Various early initiatives have been proposed:
Epidemiology. There is broad agreement that epidemiological work should be done. There exist at least four distinct cohorts of individuals known to have been exposed to exogenous hormones in utero. It would be important to do prospective studies (starting with obstetric records of the grandmothers, and working downward), and not retrospective studies (starting with autistic kids, and working up the family tree). This is due to the absence of reliable information of past pharmaceutical use of the grandmothers. To do meaningful epidemiological work, one would need not only the basic knowledge of “exposure” but also the identities of the drugs used, the dosages, and the timing.
--Denmark (Dr. Reinisch is looking into the possibility of a second-generation study on this cohort, which is part of the Prenatal Development Project at Kinsey)
--Finland (Dr. Brown is looking into the possibility of a second-generation study on this cohort, which had been identified by E Hemminki as part of a study into the fertility rates in this cohort)
--Los Angeles (Dr. Reinisch’s detailed files on individuals exposed in utero to synthetic steroid hormones, in the 1960s and 70s, still exist, in storage at the Kinsey Institute)

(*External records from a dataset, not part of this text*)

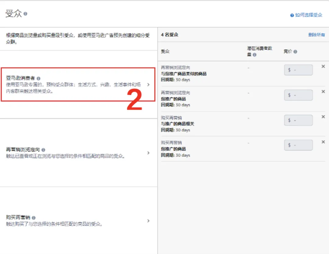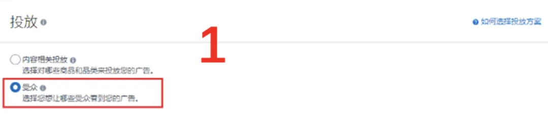 在“投放”部分选择“受众”,然后选择“亚马逊消费者”。如果选择“内容相关投放”,广告将在相关场景中与目标受众互动。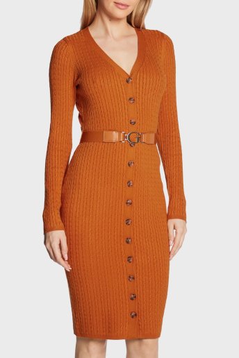 Lena V Yaka Önden Düğmeli Kemerli Örgülü Triko Bayan Elbise W2BK54Z2YJ2 A30D TARÇİN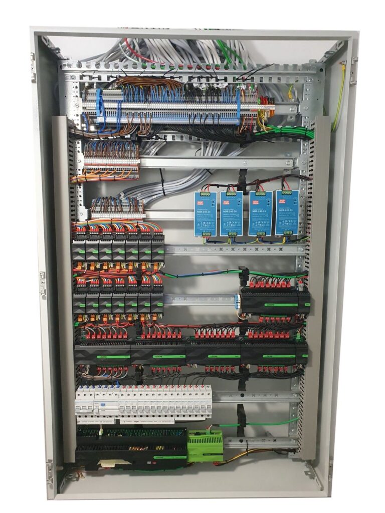 Ebből látszik, hogy valaki ért is a szakmájához, igényes is a munkájára. A vezetékek egyesével le vannak számozva, a sorkapocs kiosztás is le van dokumentálva. Bármikor módosítható a szekrény, vagy bővíthető, hiszen van benn elegendő hely, valamint tartalék egységek is.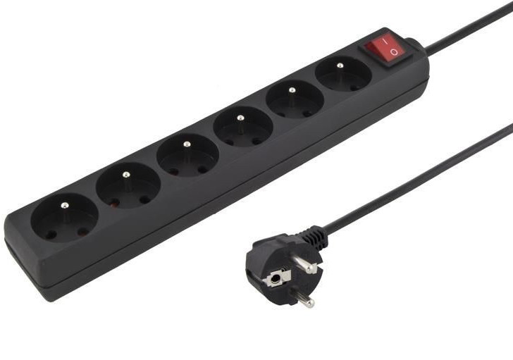 Predlžovací prívod 230V 3m 6 zásuviek, vyp, čierny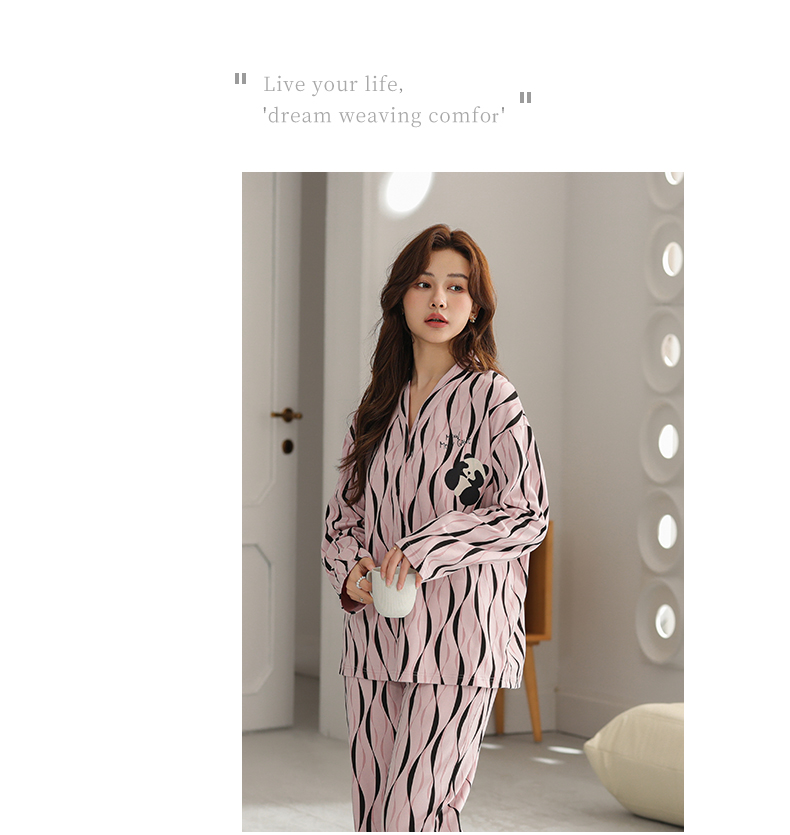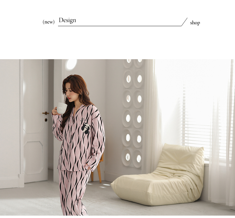 可人儿小众设计师新款奥力绵女士睡衣春秋长袖时尚可外出家居服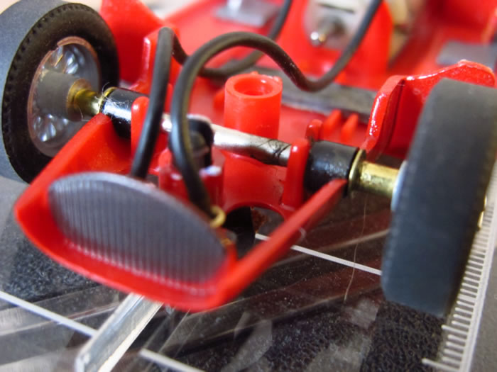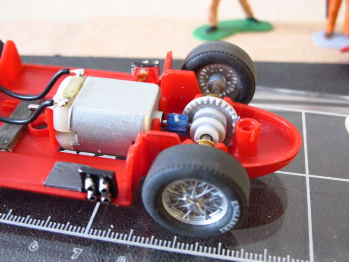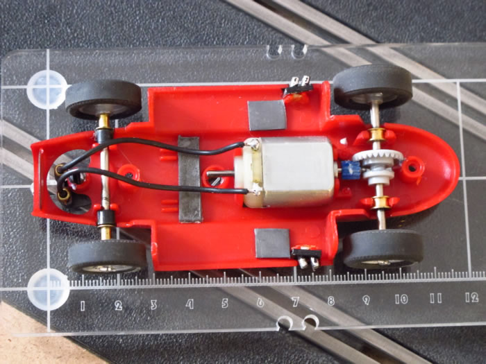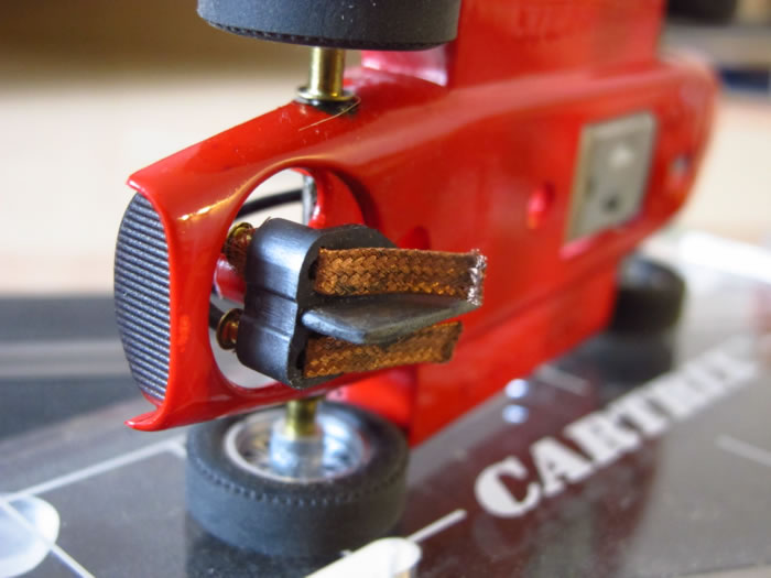J'ai changé le guide pour un Ninco suspendu que j'ai adapté à la profondeur du rail Scalectric classic... elle tient bien mieux dans le slot.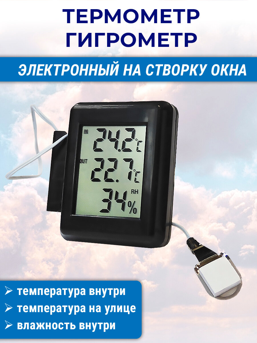 10 цен на Термометр оконный электронный с измерением влажности в помещении черный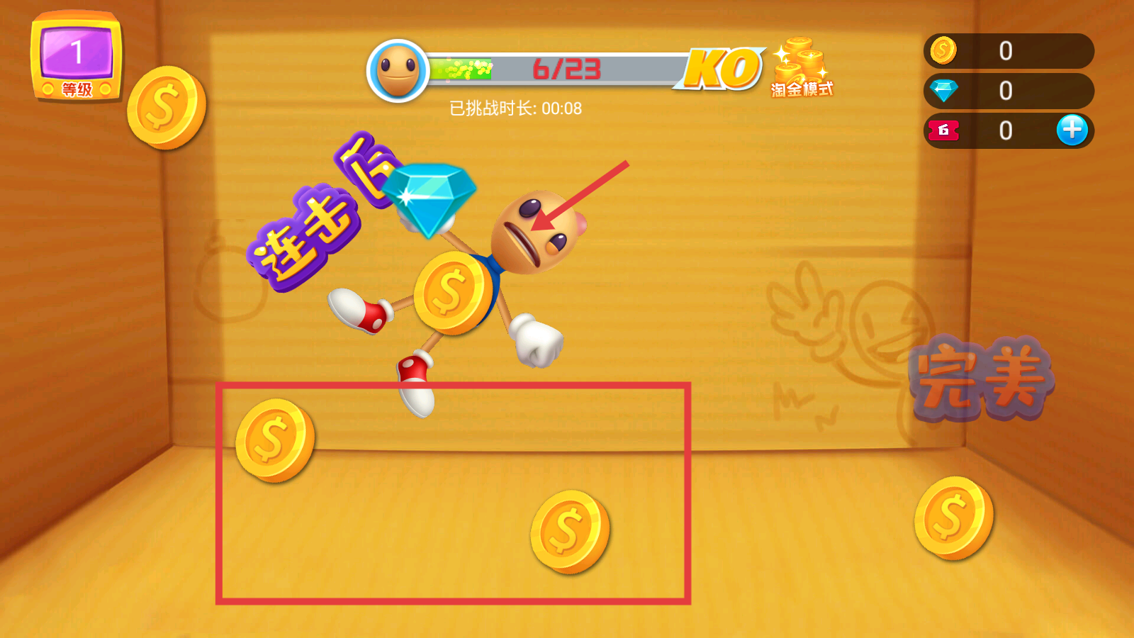 4、关注上方进度条,在“淘金模式”中击败对手。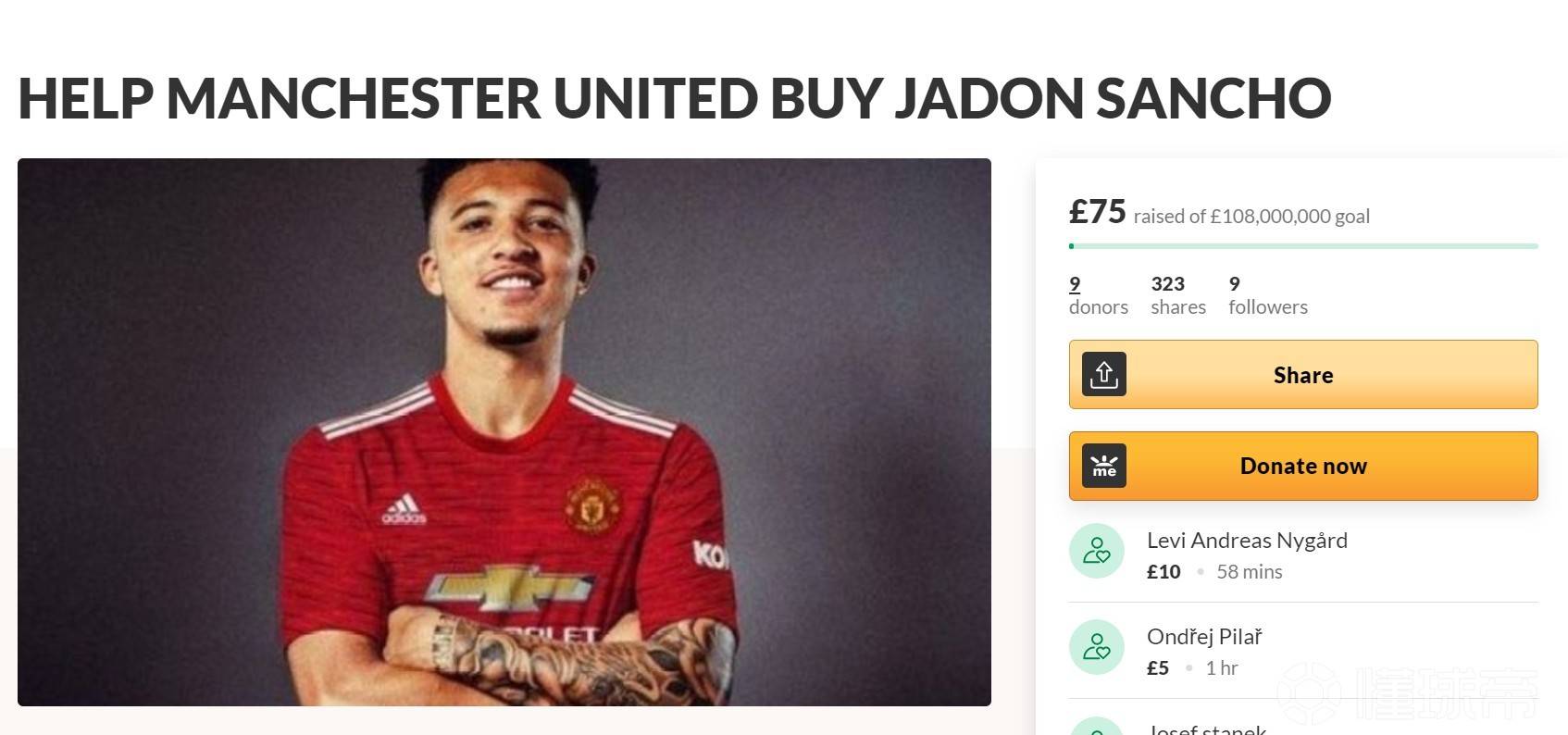 曼联球迷为引进桑乔,在网络上发起了总金额高达1.08亿英镑的众筹项目,目前已筹到了75英镑

--New Jersey (same as above)
Quite possibly, with some sleuthing, cohorts exposed in utero to various pharmaceuticals could be found within initiatives at Kaiser and at Johns Hopkins as well.
Broader epidemiological work, looking at data from several countries at once, was also suggested. However, the integrity of the data regarding the F1 (grandmother) pharmaceutical use is in question.
History. A few researchers suggested doing a basic history of past obstetric pharmaceutical use around the world, since it is so poorly understood, and attempting to make connections to the development of various diseases, including ASDs, increasing in prevalence today.
Animal models. A great many researchers suggested three-generation animal modeling. This way, different compounds and different timing of exposure could be tested for resulting changes in behavior, brain morphology, and epigenetic changes.
Case studies. A few researchers suggested doing direct epigenetic studies on affected families. However, others cautioned that such studies would be difficult owing to the complexity involved in studying the epigenome.
Long-forgotten pharmaceutical use may be playing a significant role in the autism epidemic today. If this is the case, there is urgent work to be done in terms of prevention, family planning, changing fertility and obstetric medical practice, reducing pharmaceutical use by women of childbearing age by shifting emphasis to natural treatments of chronic conditions, ensuring all prenatal medical records remain available and never discarded, and possibly, finding targeted therapies for the many disabled individuals suffering from artificially altered epigenomes. Therefore, expediting research into this hypothesis is critical.